==== Source data
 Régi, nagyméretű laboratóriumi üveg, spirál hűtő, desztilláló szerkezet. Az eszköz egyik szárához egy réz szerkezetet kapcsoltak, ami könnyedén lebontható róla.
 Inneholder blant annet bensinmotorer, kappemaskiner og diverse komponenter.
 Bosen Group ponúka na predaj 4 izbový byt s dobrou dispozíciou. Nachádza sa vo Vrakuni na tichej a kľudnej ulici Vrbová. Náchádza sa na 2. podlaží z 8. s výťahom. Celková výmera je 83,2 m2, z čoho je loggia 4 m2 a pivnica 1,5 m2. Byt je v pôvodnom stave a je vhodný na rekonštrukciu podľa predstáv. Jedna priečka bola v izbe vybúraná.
========
==== Source data
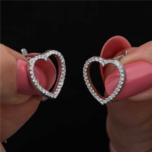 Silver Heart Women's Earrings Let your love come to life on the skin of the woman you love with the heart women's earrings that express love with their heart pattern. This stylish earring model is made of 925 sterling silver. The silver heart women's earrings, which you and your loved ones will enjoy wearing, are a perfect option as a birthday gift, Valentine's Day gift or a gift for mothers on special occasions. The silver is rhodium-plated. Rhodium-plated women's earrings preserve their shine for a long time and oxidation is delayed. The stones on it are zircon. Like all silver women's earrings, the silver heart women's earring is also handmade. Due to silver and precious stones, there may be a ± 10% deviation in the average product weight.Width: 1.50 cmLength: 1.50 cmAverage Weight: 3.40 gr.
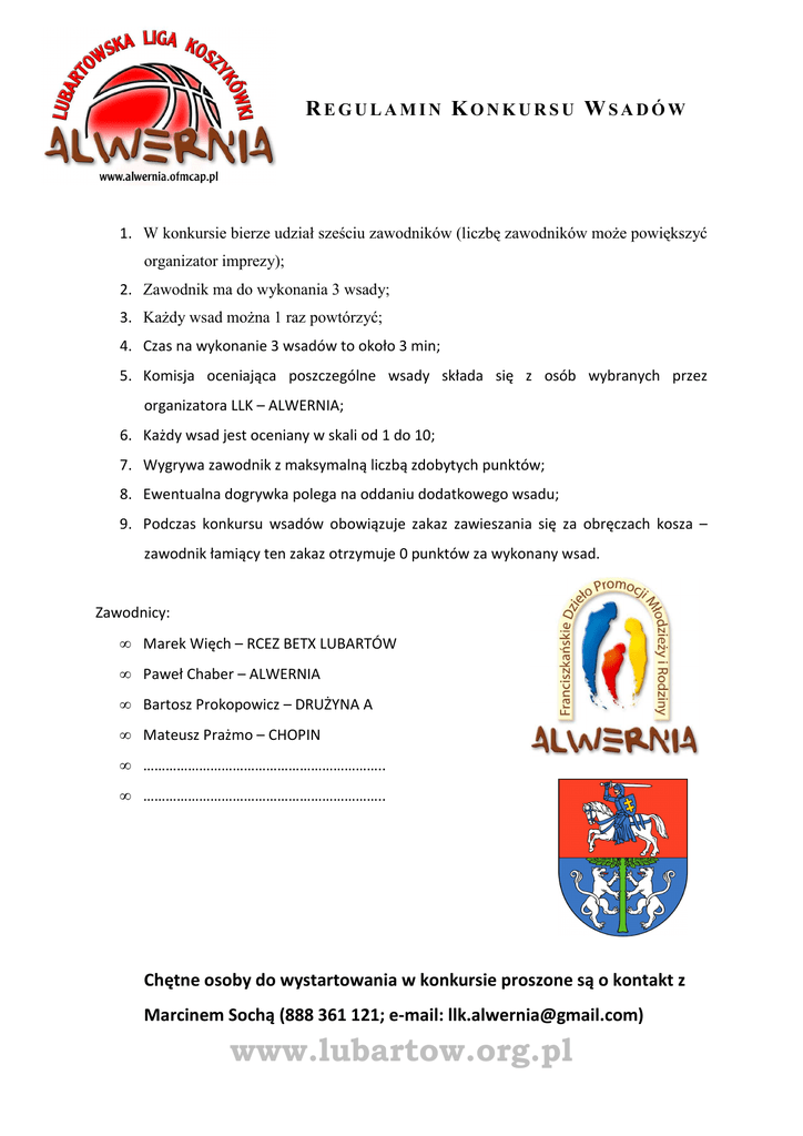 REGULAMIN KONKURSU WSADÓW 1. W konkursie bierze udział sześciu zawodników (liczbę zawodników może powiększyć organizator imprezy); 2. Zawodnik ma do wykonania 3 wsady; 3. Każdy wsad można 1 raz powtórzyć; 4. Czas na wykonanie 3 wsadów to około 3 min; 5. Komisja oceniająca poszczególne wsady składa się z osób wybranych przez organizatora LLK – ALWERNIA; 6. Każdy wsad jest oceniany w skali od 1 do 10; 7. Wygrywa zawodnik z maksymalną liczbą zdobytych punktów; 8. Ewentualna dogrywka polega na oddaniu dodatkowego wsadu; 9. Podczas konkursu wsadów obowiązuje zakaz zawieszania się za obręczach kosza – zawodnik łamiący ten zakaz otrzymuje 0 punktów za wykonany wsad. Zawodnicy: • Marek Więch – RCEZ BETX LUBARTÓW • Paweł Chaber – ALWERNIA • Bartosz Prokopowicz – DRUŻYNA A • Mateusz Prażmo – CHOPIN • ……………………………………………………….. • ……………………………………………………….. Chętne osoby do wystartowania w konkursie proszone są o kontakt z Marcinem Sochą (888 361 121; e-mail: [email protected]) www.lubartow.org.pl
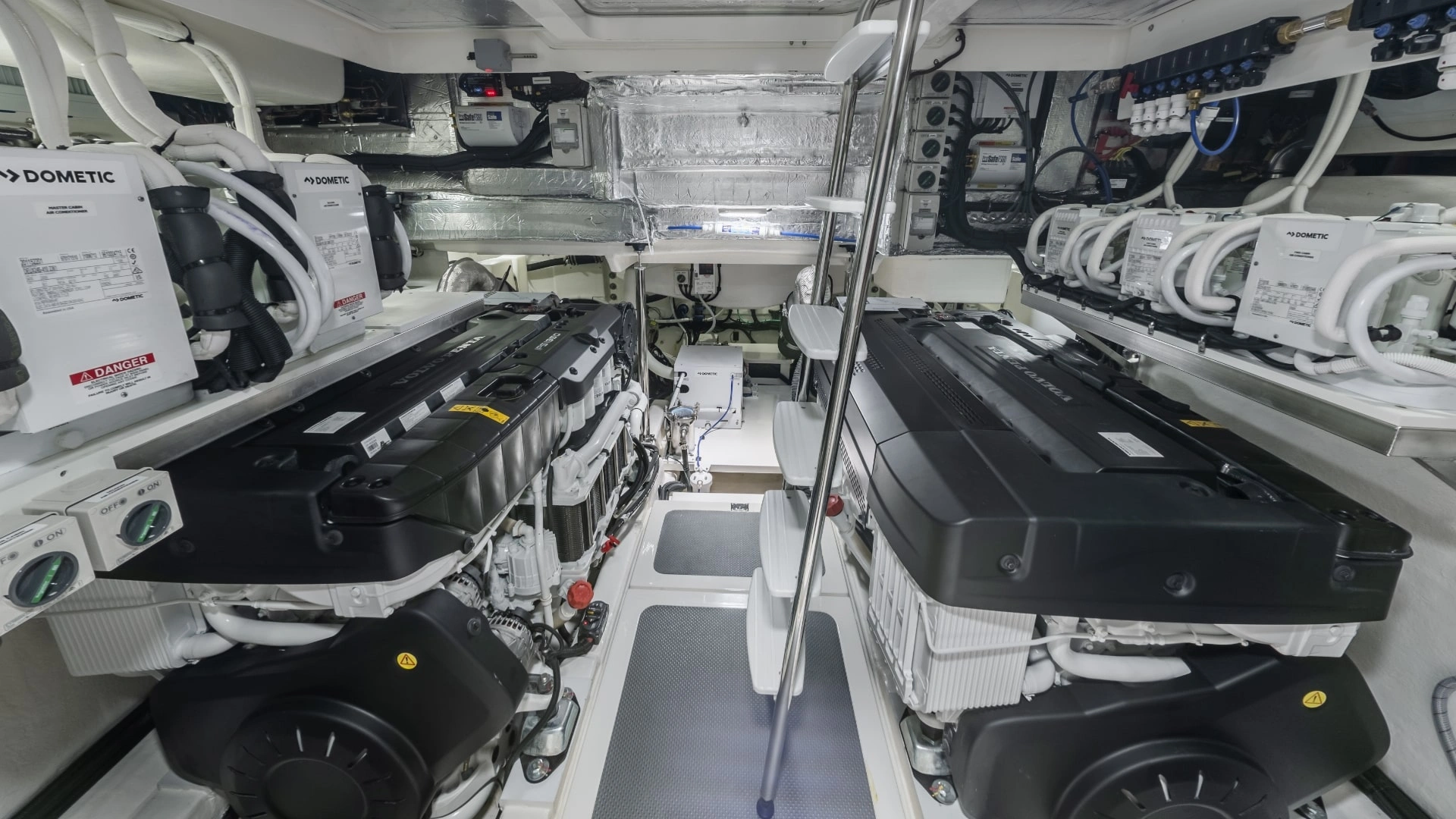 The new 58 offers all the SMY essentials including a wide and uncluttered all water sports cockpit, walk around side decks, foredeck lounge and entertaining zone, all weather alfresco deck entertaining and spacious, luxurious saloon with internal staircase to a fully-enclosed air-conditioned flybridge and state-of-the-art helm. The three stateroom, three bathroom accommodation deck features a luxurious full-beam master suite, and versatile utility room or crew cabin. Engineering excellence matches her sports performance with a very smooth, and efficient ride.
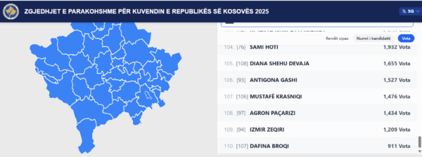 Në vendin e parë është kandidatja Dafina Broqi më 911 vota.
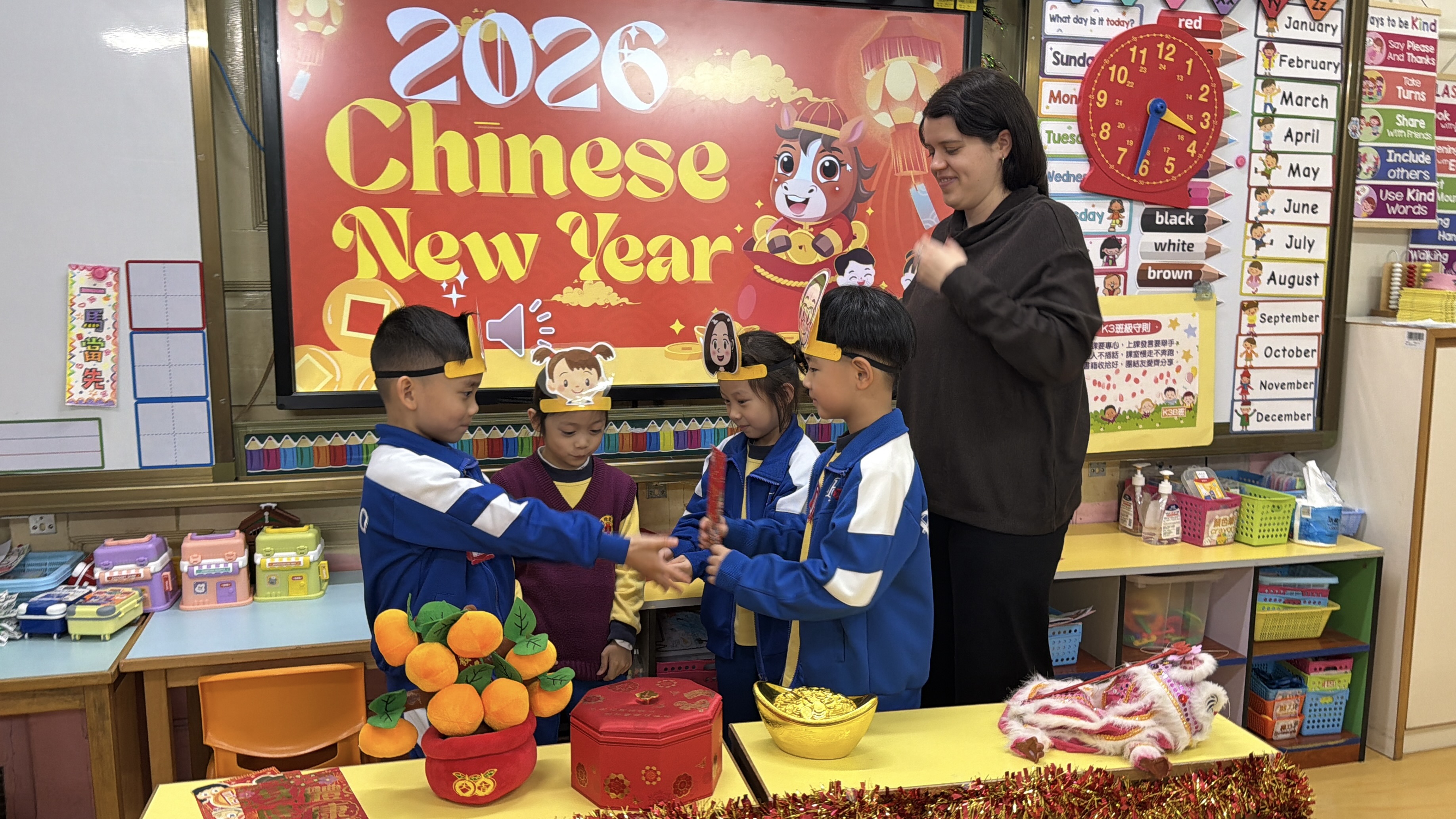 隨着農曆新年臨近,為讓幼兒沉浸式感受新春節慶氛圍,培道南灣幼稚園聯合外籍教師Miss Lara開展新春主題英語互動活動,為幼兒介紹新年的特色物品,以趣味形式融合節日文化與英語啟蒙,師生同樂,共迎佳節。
========
==== Source data
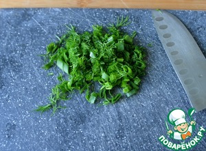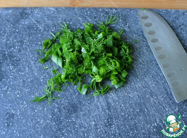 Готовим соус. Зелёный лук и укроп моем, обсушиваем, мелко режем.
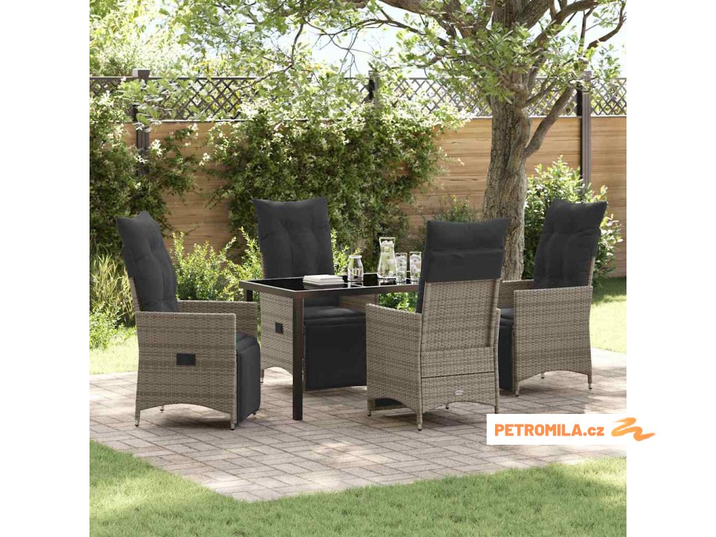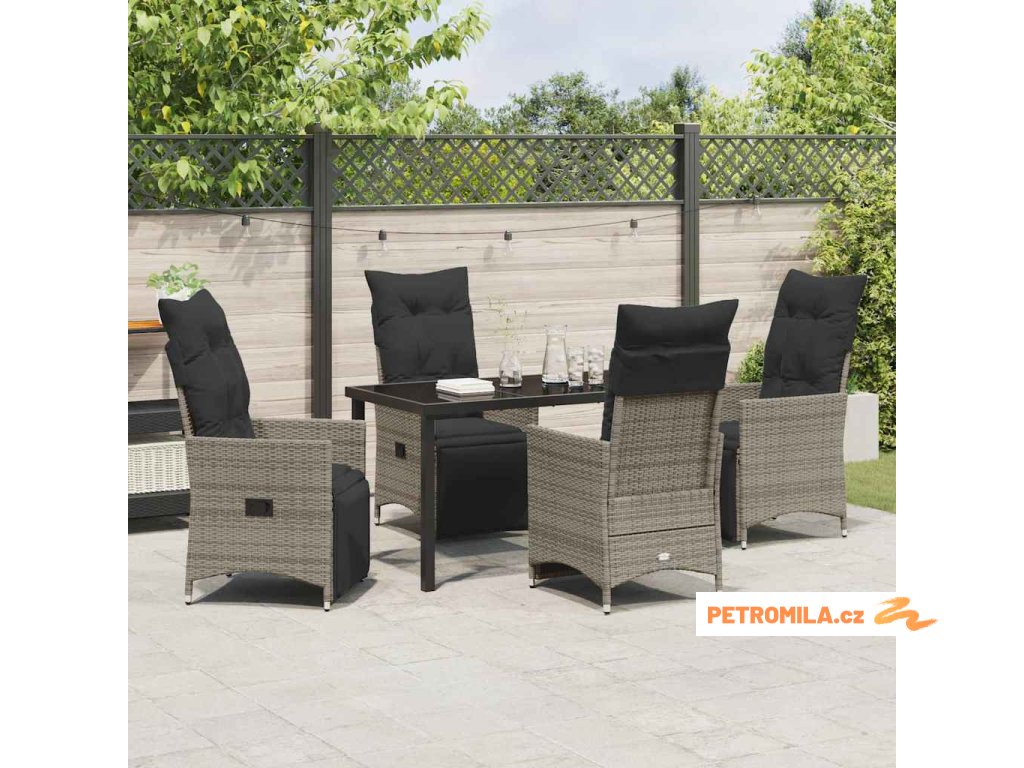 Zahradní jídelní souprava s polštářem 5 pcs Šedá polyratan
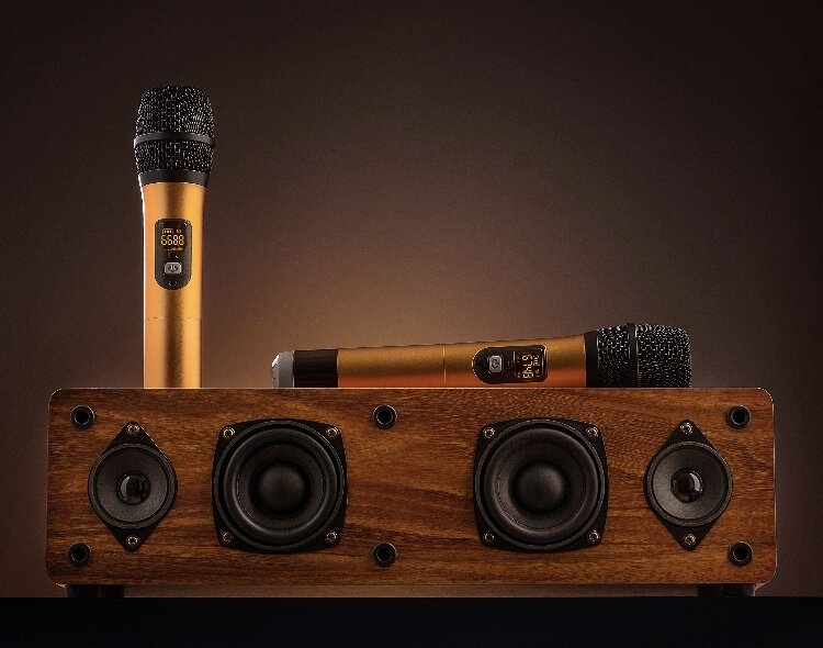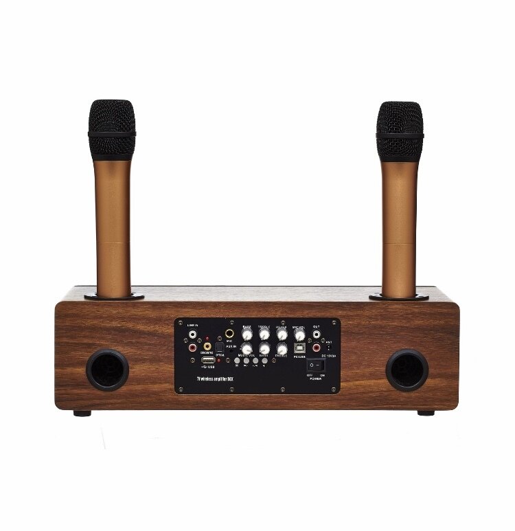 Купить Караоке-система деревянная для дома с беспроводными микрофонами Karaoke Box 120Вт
========
Your objective: Starting at the line that contains "Régi, nagyméretű laboratóriumi" and stopping after the line that contains "Bosen Group ponúka", write out every line exactly as it appears above, and no other line.

Exercise response:
 Régi, nagyméretű laboratóriumi üveg, spirál hűtő, desztilláló szerkezet. Az eszköz egyik szárához egy réz szerkezetet kapcsoltak, ami könnyedén lebontható róla.
 Inneholder blant annet bensinmotorer, kappemaskiner og diverse komponenter.
 Bosen Group ponúka na predaj 4 izbový byt s dobrou dispozíciou. Nachádza sa vo Vrakuni na tichej a kľudnej ulici Vrbová. Náchádza sa na 2. podlaží z 8. s výťahom. Celková výmera je 83,2 m2, z čoho je loggia 4 m2 a pivnica 1,5 m2. Byt je v pôvodnom stave a je vhodný na rekonštrukciu podľa predstáv. Jedna priečka bola v izbe vybúraná.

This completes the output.